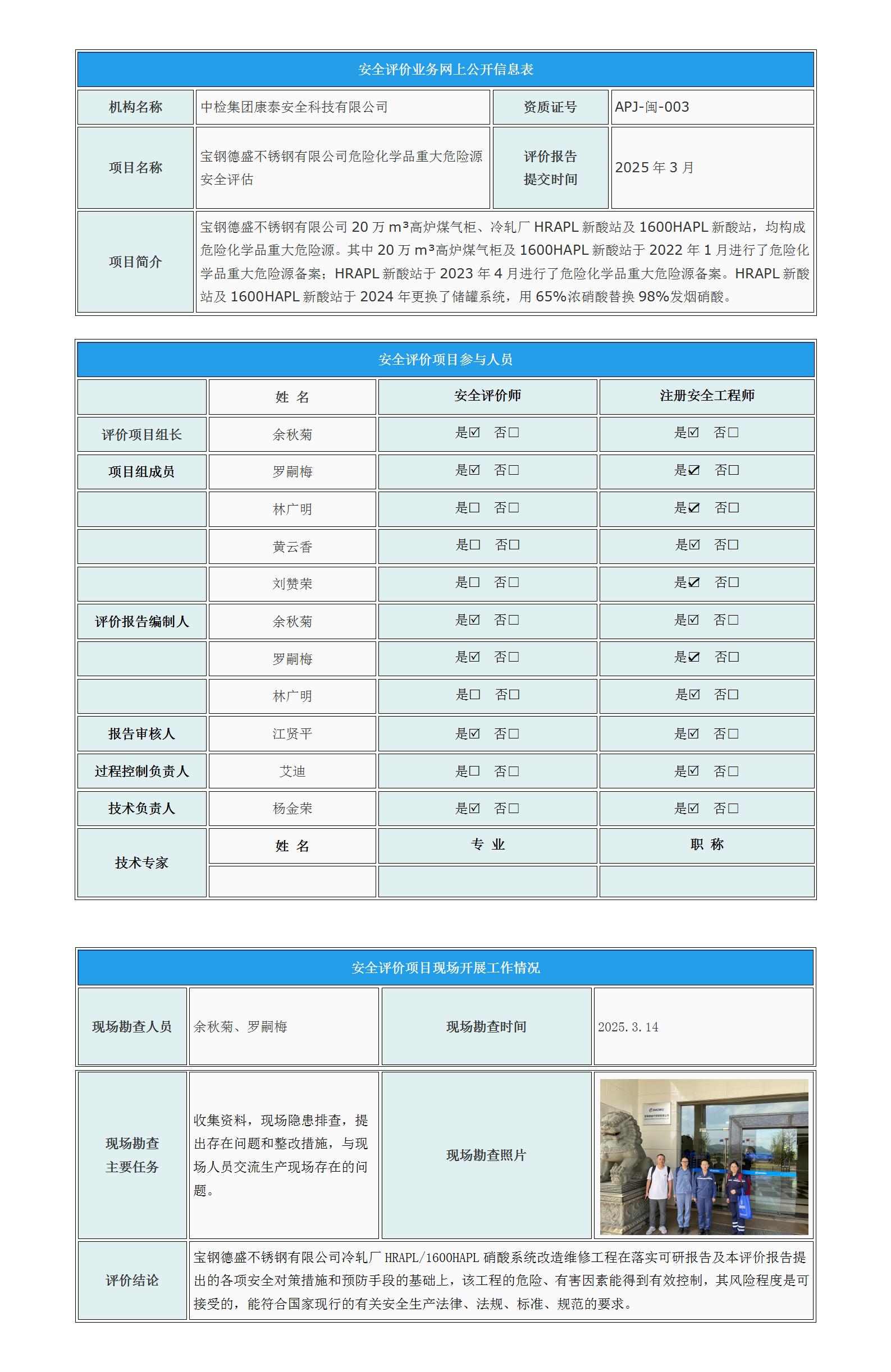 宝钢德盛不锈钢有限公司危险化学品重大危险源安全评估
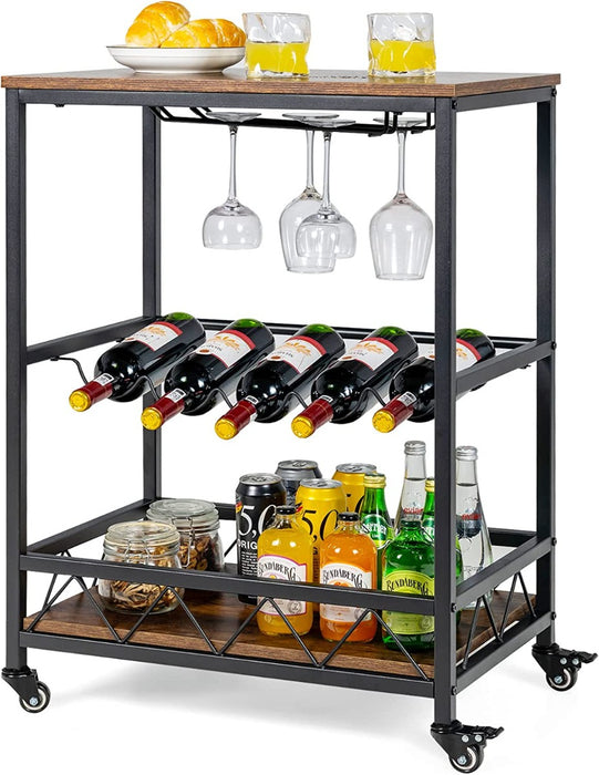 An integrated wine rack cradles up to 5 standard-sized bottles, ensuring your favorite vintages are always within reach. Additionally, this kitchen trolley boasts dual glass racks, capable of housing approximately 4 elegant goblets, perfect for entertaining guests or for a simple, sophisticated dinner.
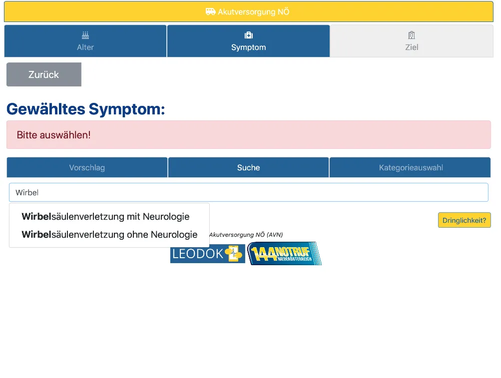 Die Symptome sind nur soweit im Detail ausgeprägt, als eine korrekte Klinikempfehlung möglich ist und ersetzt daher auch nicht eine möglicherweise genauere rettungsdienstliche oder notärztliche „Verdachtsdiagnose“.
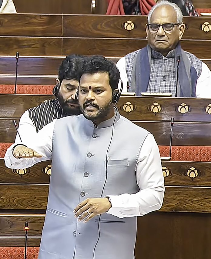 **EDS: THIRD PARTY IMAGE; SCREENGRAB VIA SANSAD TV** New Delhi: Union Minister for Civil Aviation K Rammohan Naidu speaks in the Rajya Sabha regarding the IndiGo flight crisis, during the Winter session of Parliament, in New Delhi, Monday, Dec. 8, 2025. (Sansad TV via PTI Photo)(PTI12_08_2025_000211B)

(WHAT THE TASK ASKS): When copying the listing above, begin at its first line and stop after the line with "An integrated wine", keeping each line exact and dropping the pictures.

(ANSWER TO THIS TASK):
 宝钢德盛不锈钢有限公司危险化学品重大危险源安全评估
 An integrated wine rack cradles up to 5 standard-sized bottles, ensuring your favorite vintages are always within reach. Additionally, this kitchen trolley boasts dual glass racks, capable of housing approximately 4 elegant goblets, perfect for entertaining guests or for a simple, sophisticated dinner.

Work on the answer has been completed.